Falando de “casos tremendos de clara insensibilidade e de atropelo ao regulamento”, Ilda Figueiredo defendeu que os munícipes do Porto não têm, neste momento, forma de se defender. Fernando Paulo exaltou-se, anunciou um voto de protesto, e viu Rui Moreira chegar-se à frente. “Os termos que usou são absolutamente impróprios”, começou. “O seu gabinete não é um tribunal e a senhora não se pode colocar numa posição inquisidora relativamente à forma como funcionam os serviços. A CDU ainda não é tribunal. Quis ser, mas não foi. Em 1975 durante uns meses foi, deixou de ser. É por isso que gosto muito do 25 de Novembro.”

Lamentando as acusações do deputado municipal da CDU Rui Sá - que esta segunda-feira publicou uma crónica no Jornal de Notícias intitulada “Criminosos até prova em contrário” – deixou uma provocação: “Peçam ao IHRU para vos dar as 1000 casas que tem [no Porto] e a CDU dá as casas de acordo com os seus critérios.”

Fernando Paulo foi mais longe. “Devolvo a acusação de assaltantes e criminosos à senhora vereadora e ao deputado Rui Sá. Processem-me civil e criminalmente: são criminosos, manipuladores de informação e mau carácter.” Acusando a CDU e o BE de “manipular” os cidadãos para fazer política e a comunicação social de ser instrumentalizada, Fernando Paulo quis deixar claro que “não recebe lições de ninguém”. E também que executou menos despejos do que o ex-vereador Manuel Pizarro.

O socialista manteve o tom calmo para recentrar o debate.
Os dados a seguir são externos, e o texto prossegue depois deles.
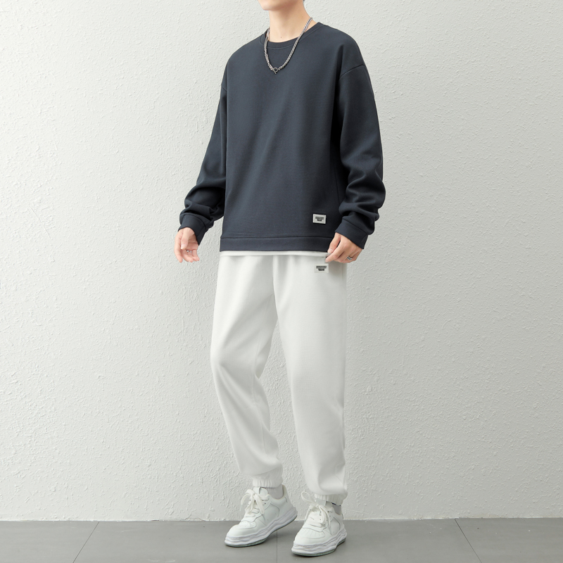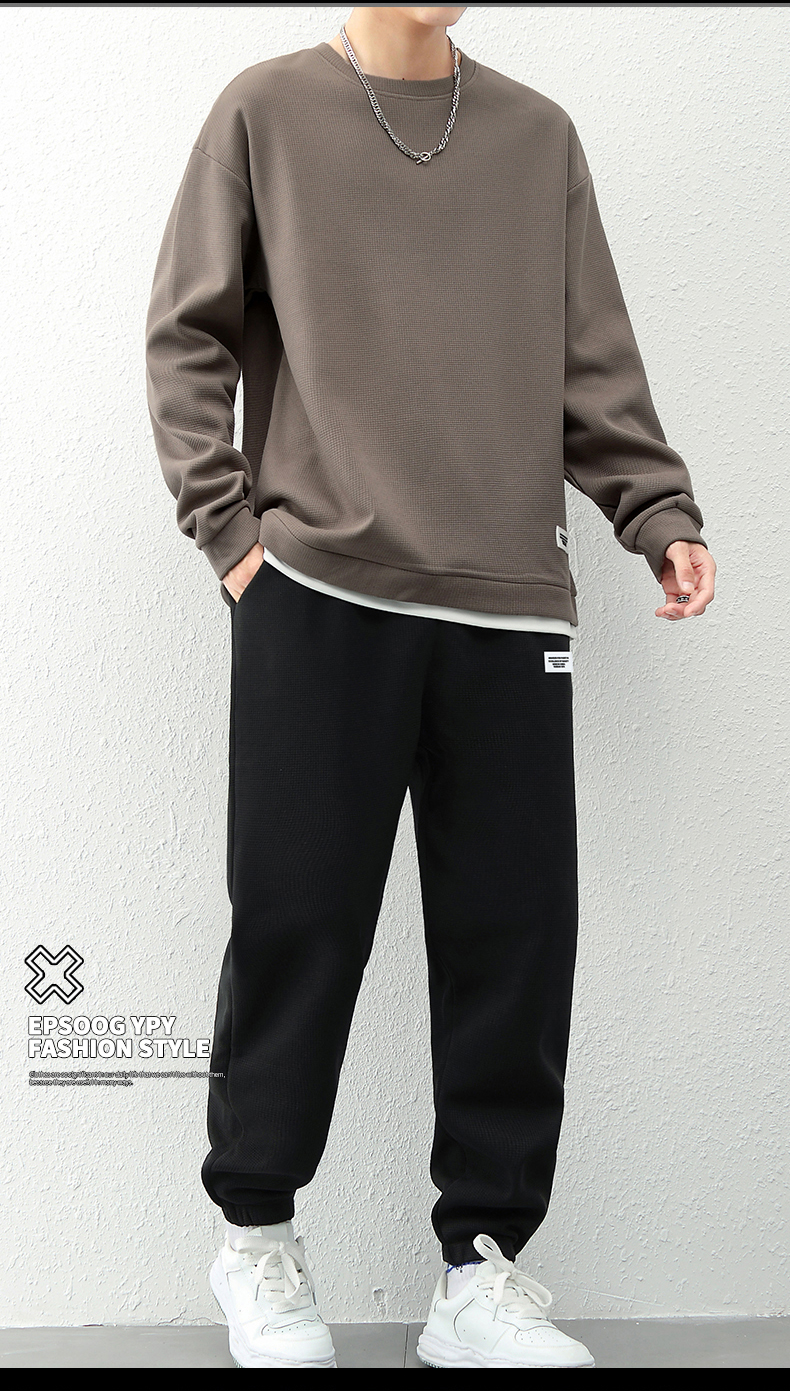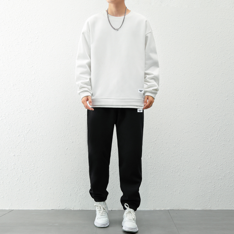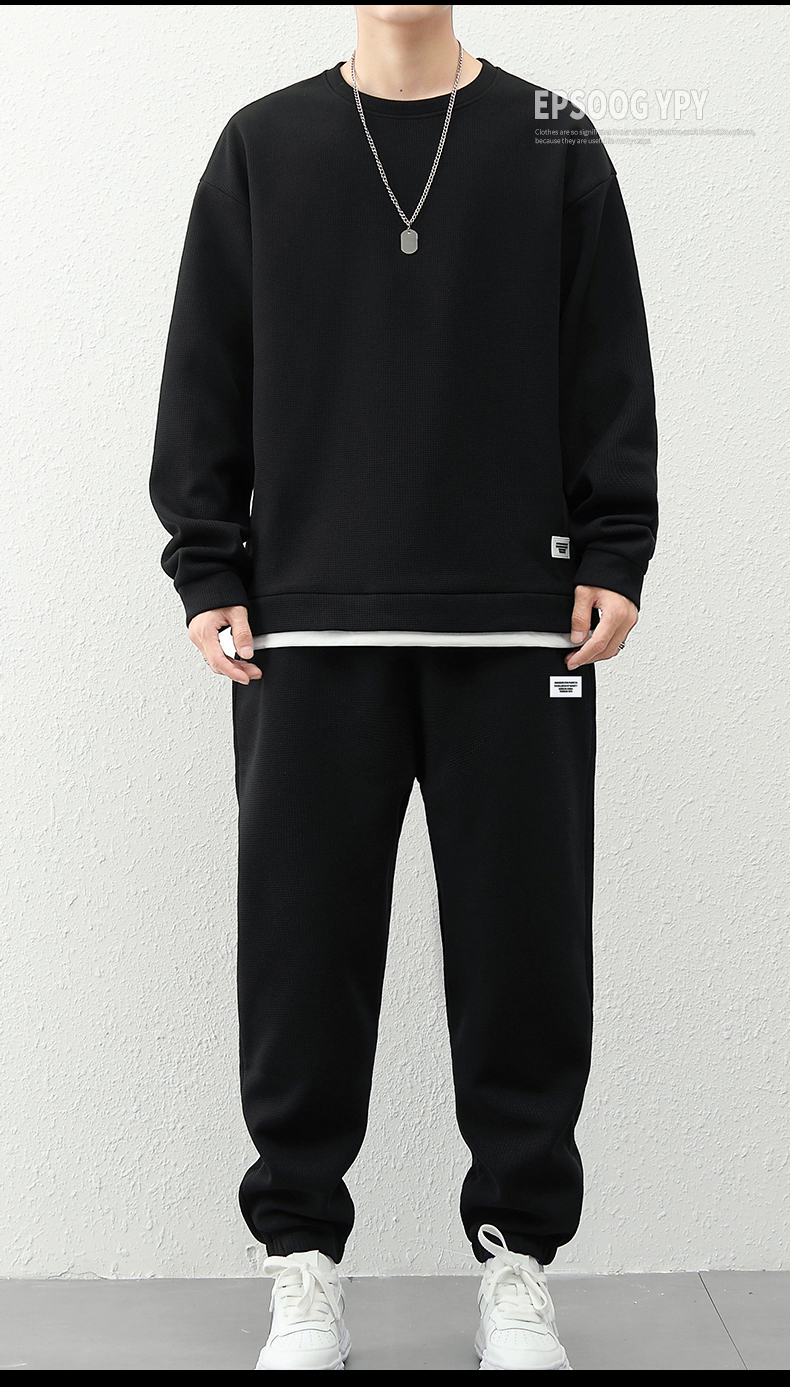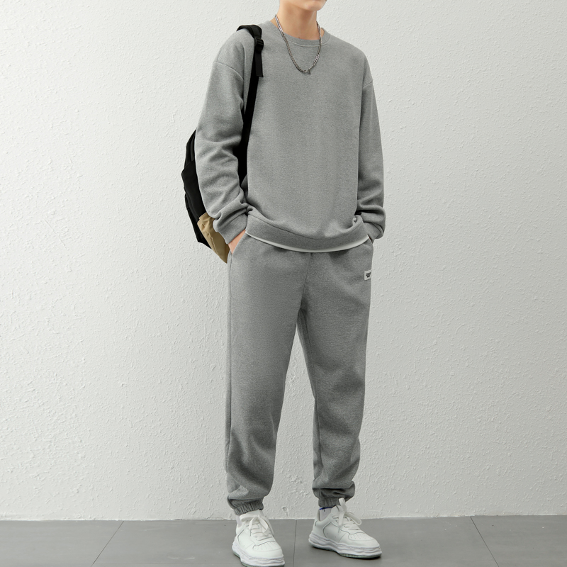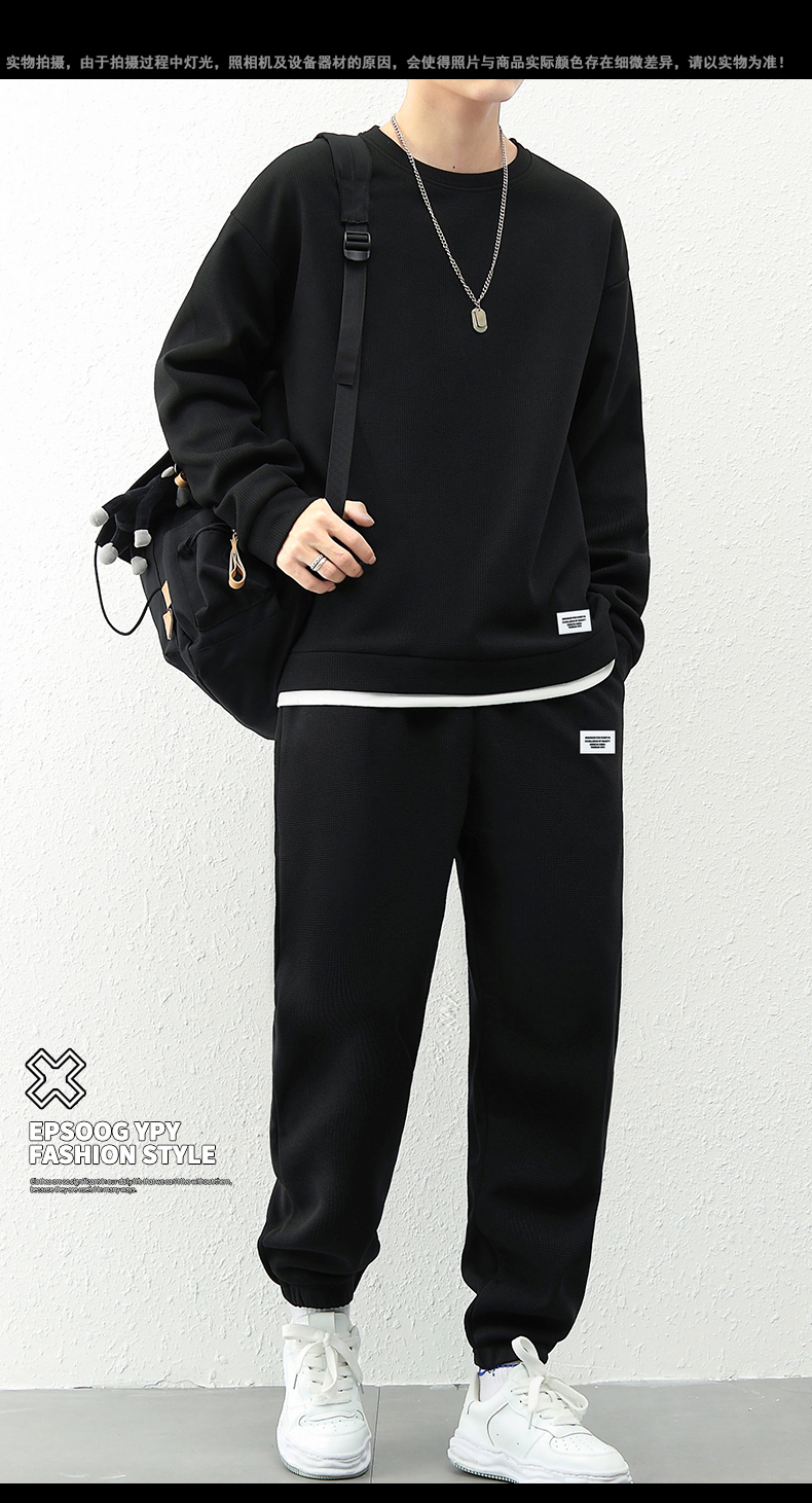 국경 간 봄 가을 겨울 일본식 미니멀리즘 캐주얼 세트 남성 조수 브랜드 루즈핏 다용도 운동 라운드 넥 긴팔 투피스 세트

No caso de Joana Pacheco, afirmou, a autarquia podia ter evitado que a portuense, mãe solteira com dois filhos menores, ficasse sem casa se, em tempo devido, tivesse aceitado o pedido de integração de Joana Pacheco no agregado familiar do pai. Foi essa a sugestão feita pelo então provedor do inquilino, padre José Lopes Baptista. O cargo foi entretanto extinto e absorvido pelo provedor do munícipe, Marques dos Santos – e é o ex-reitor da Universidade do Porto que Manuel Pizarro gostava de ouvir no hemiciclo. A proposta não teve resposta da Câmara do Porto.